I know you exist by the letters and Christmas cards that I receive. But there is more than that. Under the surface behind the good daughter, good wife, good mother façade.

 

You gave birth to me.

 

We didn't meet then, that day in December 1970. I was removed from your body. That safe, loving, nurturing, warm place. So coldly and automatically. So involuntarily. Stolen from you. And you from me. Attachment forbidden. The connection severed, so was thought, by the physical and traumatic removal. All those lovely warm safe feelings displaced in an instant by fear, insecurity, rejection, anxiety. A trauma implanted into both of us.
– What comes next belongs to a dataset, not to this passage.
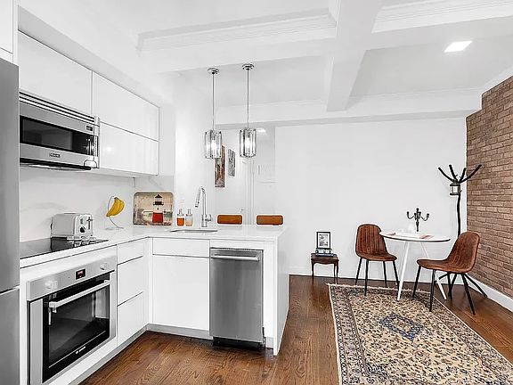 This apartment was recently gut renovated, featuring beautiful hardwood floors, exposed brick, and a new, high end kitchen and bath. It gets fantastic natural light and is extraordinarily quiet as the walls feature extra noise installation. Through the wall A/C has been installed, and the casement style windows are brand new. The living room has space for a small dining table or a desk, and the bedroom will comfortably fit a queen bed. Enjoy double exposure (south and east) in the bedroom & and a windowed en-suite bathroom.

Never to be the same again.

 

We start our separate lives. Knowing each is out there. Not knowing if our lives would ever collide. Hoping. You try courageously to pick up the pieces of your old life, your inner turmoil and struggle concealed from all. You are alone to deal with your anguish. The pain so deep and so immense it amounts to a physical hurt. What is my pain like? How much emotional pain does a newborn feel?

 

The child, me, is given a new life. Like picking one off the shelf but with no instructions included. No genetic link. Given a new set of parents – picked off a different, unfamiliar, unconnected shelf. Like a puppy taken home from the pet store, can its new parents fulfill all its needs as completely as its birth mother? When the puppy looks at its new ‘parents’ surely it wonders why there are so many physical and behavioural differences.

 

Years pass. Does your pain diminish? Do you find contentment? Do you find peace within yourself? Or do you live burdened by your secret, by your self imposed shame?  

 

We met once in a park, a beautiful sunny August day in 1996. A chance to finally introduce ourselves. An opportunity to at long last say hello. How strange. A mother and her daughter saying 'hello' 26 years after spending just a precious nine months sharing the same body. Looking each other in the eyes for the first time. Feeling a connection. A strong connection! 

 

Something unexplainable and unexpected. The bond between mother and child. Unable to be severed. Unable to be denied.

 

Today, nine years later, although in irregular contact though letters, we are still finding each other. Even though I know where you live I am still searching for you, my birth mother. Yearning for our lives to be reconnected. To what degree, is unknown. Wanting, needing, to explore more thoroughly the genetic and emotional connection which binds us.

 

A connection not completely severed by that initial heart wrenching separation 34 years ago.